На нашем сайте KnigaRead.com Вы можете абсолютно бесплатно читать книгу онлайн Олег Измеров, "Дети Империи" бесплатно, без регистрации.
Перейти на страницу:

— Ну как?

— Да… слов нет. Только раньше вроде везде на картинках другая статуя была. Или я что-то путаю?

— Нет, насколько помню, в сорок первом, после майской встречи, Сталин внес изменения в проект. На основании того, что самый главный памятник Ленину в Москве — это Мавзолей.

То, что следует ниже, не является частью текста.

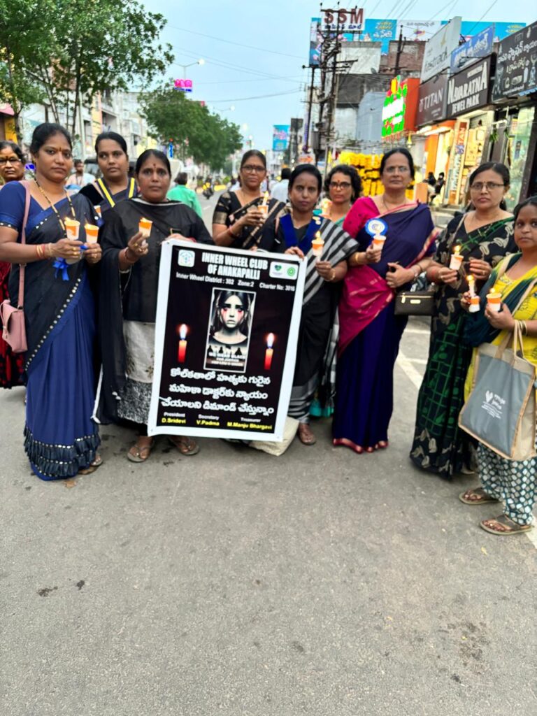 Description:- Inner Wheel Club Of Anakapalle Conducted Rally on Demand of Injustice to Slain Doctor at Calcutta. All our members went by Rally on Main Roads carrying candles. Public noticed and supported

"После майской встречи… Дипломатия? Хотел продемонстрировать фюреру акт деидеологизации… или вообще отказа от экспансии мировой революции? А может, просто потому, что потенциальная война имела бы не классовый, а межнациональный характер, и для нее нужен был другой символ Победы?"

Статуя новым светилом сияла на вечернем небе в лучах заходящего солнца, которое уже оставило в тени площадь, стилобат и нижние ярусы Дворца, но все еще освещало воспарившую на самолетной высоте вершину. Хрустальный небесный фон за статуей наискось перечеркивал розоватый инверсионный след реактивного лайнера. Виктор жутко пожалел, что не захватил в то утро с собой старого пленочного фотоаппарата; какую потрясающую картину он мог бы сейчас запечатлеть! Несмотря на вечерний час, народ непрерывно подымался по гранитным ступеням к необъятной колоннаде, образующей подножие здания, и спускался от нее; Виктор подумал, что здесь, видимо, постоянно проводятся экскурсии или другие мероприятия.

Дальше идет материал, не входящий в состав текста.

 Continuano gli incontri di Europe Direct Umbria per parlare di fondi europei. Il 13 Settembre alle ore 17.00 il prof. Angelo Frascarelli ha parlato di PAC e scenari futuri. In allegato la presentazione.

— Не так давно здесь обсуждали предложение, чтобы антенны для телетрансляции поставить. Но решили, что они будут портить вид, и разместили только антенны телефонной связи, их спрятали, так, что не видно. А для телевидения ставят новую телебашню. Там будет очень оригинальная конструкция, как у гибкой антенны для армейских раций, что в нашей стране в тридцатые годы изобрели. Будет тонкая, как иголка, и никаких растяжек, словно как парить в воздухе станет. Чудо техники.

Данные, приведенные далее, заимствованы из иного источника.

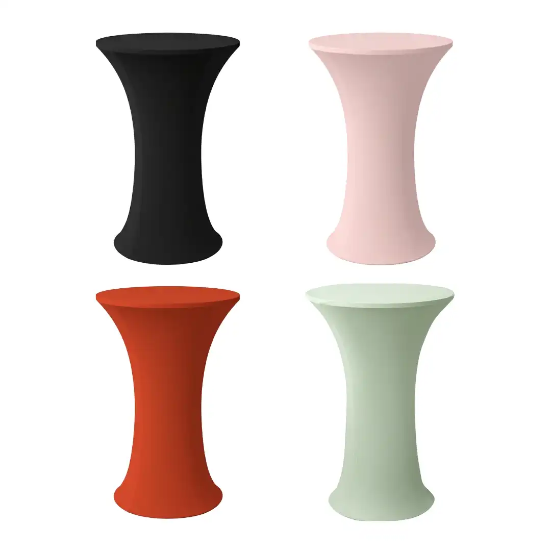 Assorted colour cocktail tables for lively party setups and bars.

Они поднялись вслед за народом по лестнице к подножию гиганта; Виктор огляделся вокруг в поисках Мавзолея Сталина, полагая, что это должно быть даже если и не слишком большое, но, по меньшей мере, приметное сооружение.

— Геннадий Николаевич, а вот вы говорили, тут где-то еще рядом и Мавзолей Сталина должен стоять. Его отсюда не видно?

— Так ведь мы уже рядом с Мавзолеем. Но его, конечно, не видно. Потому что он под Дворцом Советов.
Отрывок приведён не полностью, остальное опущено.